● Source data:
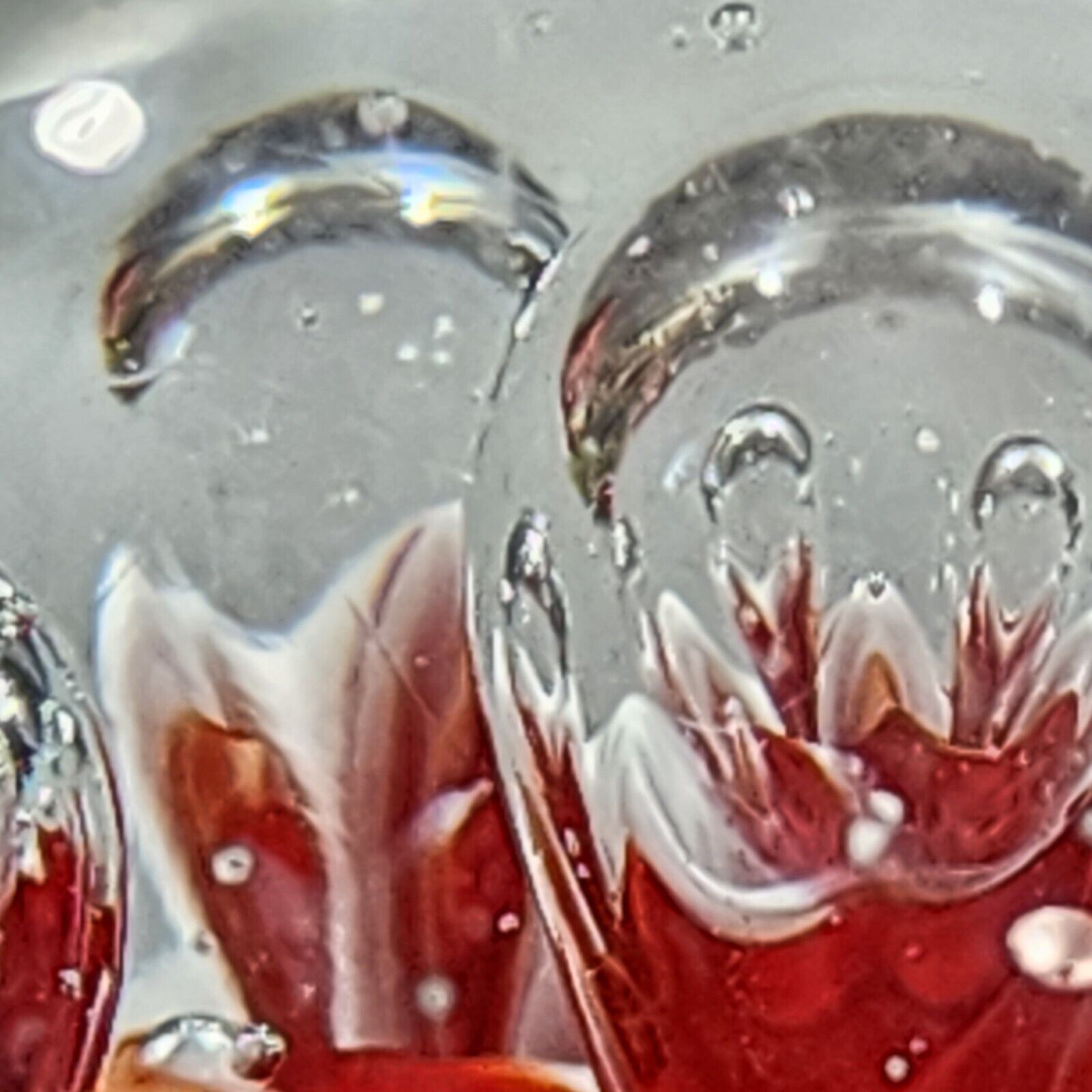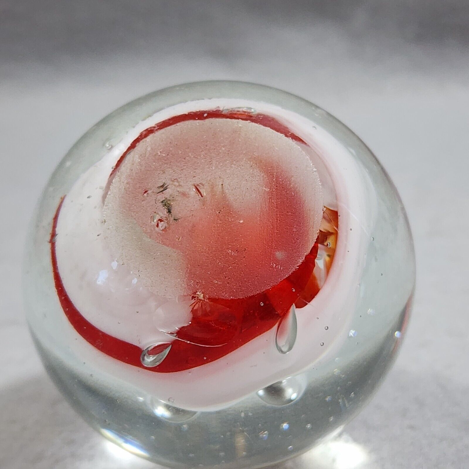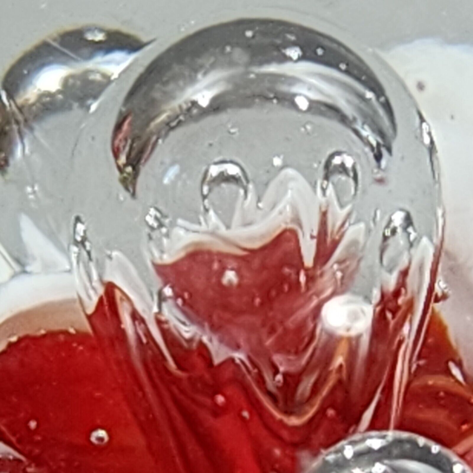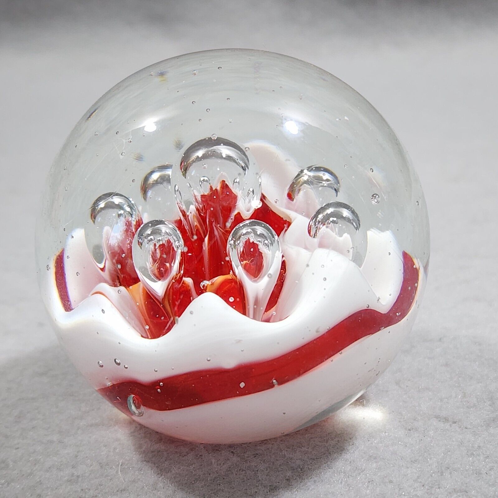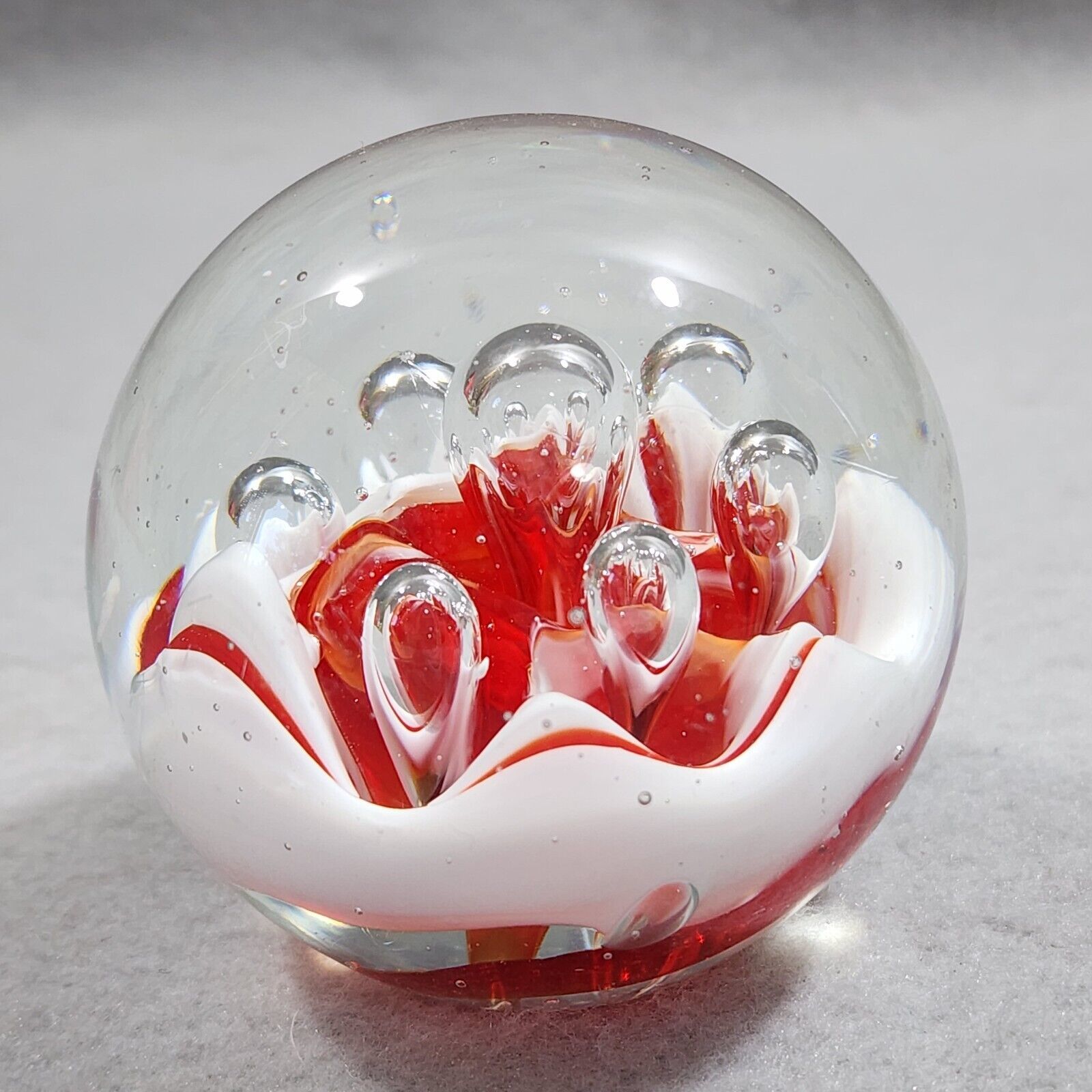 Paperweight Large Concentric Spaced Bubbles Red White Hand Blown Art Glass
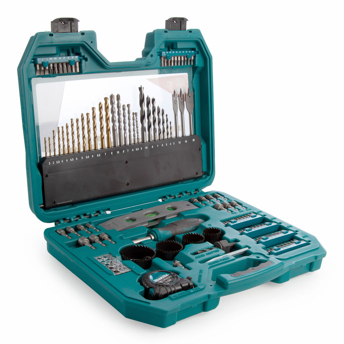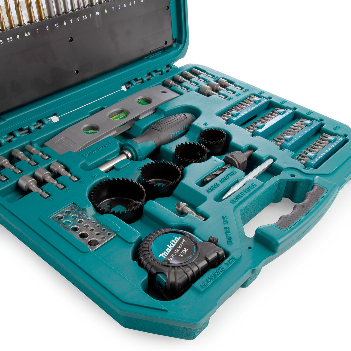 The Makita P-90370 is a 120 piece accessory set from the Pro range. It is extremely high quality, designed for professional use. This kit contains a wide variety of different screwdriver bits, drill bits and general tools suited for all jobs stored handily in a stylish heavy duty case for safekeeping and ease of transport.
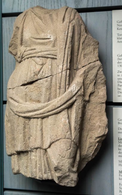 - Mythische Figur: stehende Göttin in Gewand mit langem Überschlag und Mantel. Juno ?
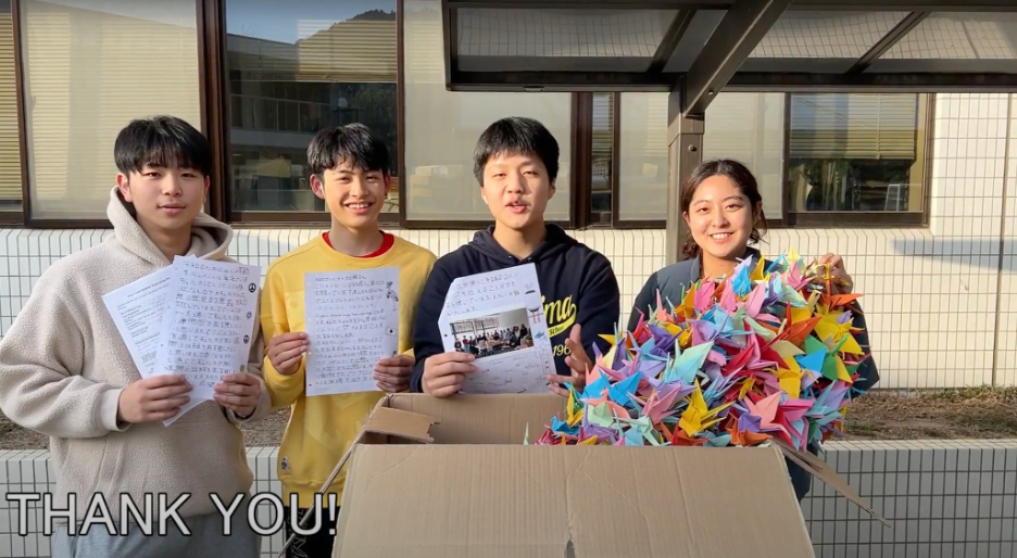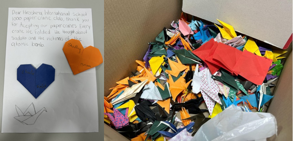 “The Thousand Crane Club” is an extracurricular activity group based at Hiroshima International School whose members have been taking origami cranes on behalf of senders from around the world. “Origami” is the Japanese art of paper folding.
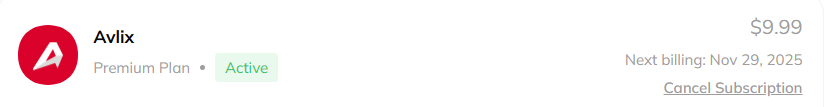 If you want to cancel your Avlix subscription, you can do so by logging into your account and navigating to the Subscription section.
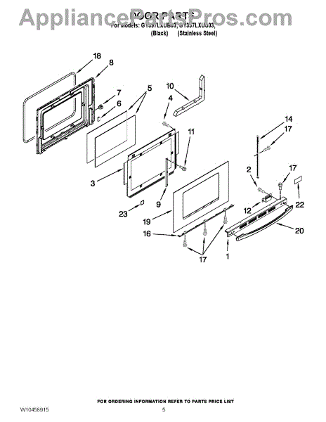 This factory screw secures appliance components to their mounting points. Replace missing, worn, or stripped hardware to restore a tight fit, proper alignment, and quieter operation across the affected assembly.
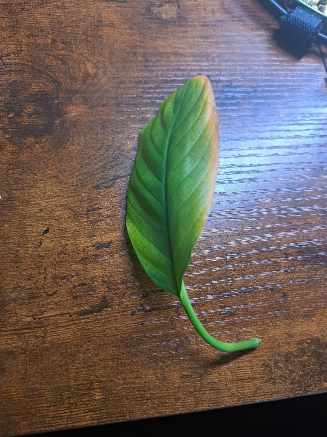 Ich habe mich seit fast einem Jahr um diesen Friedenslily gekümmert. Als ich es bekam, wollte ich der Vase ein Moss -Top hinzufügen, um zu sehen, ob es funktionieren würde (es hat bisher nicht genau funktioniert). Ich habe das Blatt beim Trimmen des Moos nicht geschnitten, versuchte, es zu rehabilitieren, indem ich ihm einen Aufenthalt machte und es hilft, es zu heilen, was es hauptsächlich tat. Der Wundlieb und der Zweig wuchs bis vor kurzem immer wieder, dass das Teil, an dem dieses Blatt festgehalten hatte, gelb wurde, während sich das Blatt hier nicht mehr umdrehte. Heute habe ich beschlossen, das sterbende Stück einfach abzuschneiden. Ist es möglich, dieses Blatt in eine neue Pflanze zu stützen, oder ist es für getan?

● Exercise: Copy the entries above exactly, but only the stretch from the line containing "of paper folding." through the line containing "This factory screw". Keep both end lines; drop the pictures.

● Output below:
 “The Thousand Crane Club” is an extracurricular activity group based at Hiroshima International School whose members have been taking origami cranes on behalf of senders from around the world. “Origami” is the Japanese art of paper folding.
 If you want to cancel your Avlix subscription, you can do so by logging into your account and navigating to the Subscription section.
 This factory screw secures appliance components to their mounting points. Replace missing, worn, or stripped hardware to restore a tight fit, proper alignment, and quieter operation across the affected assembly.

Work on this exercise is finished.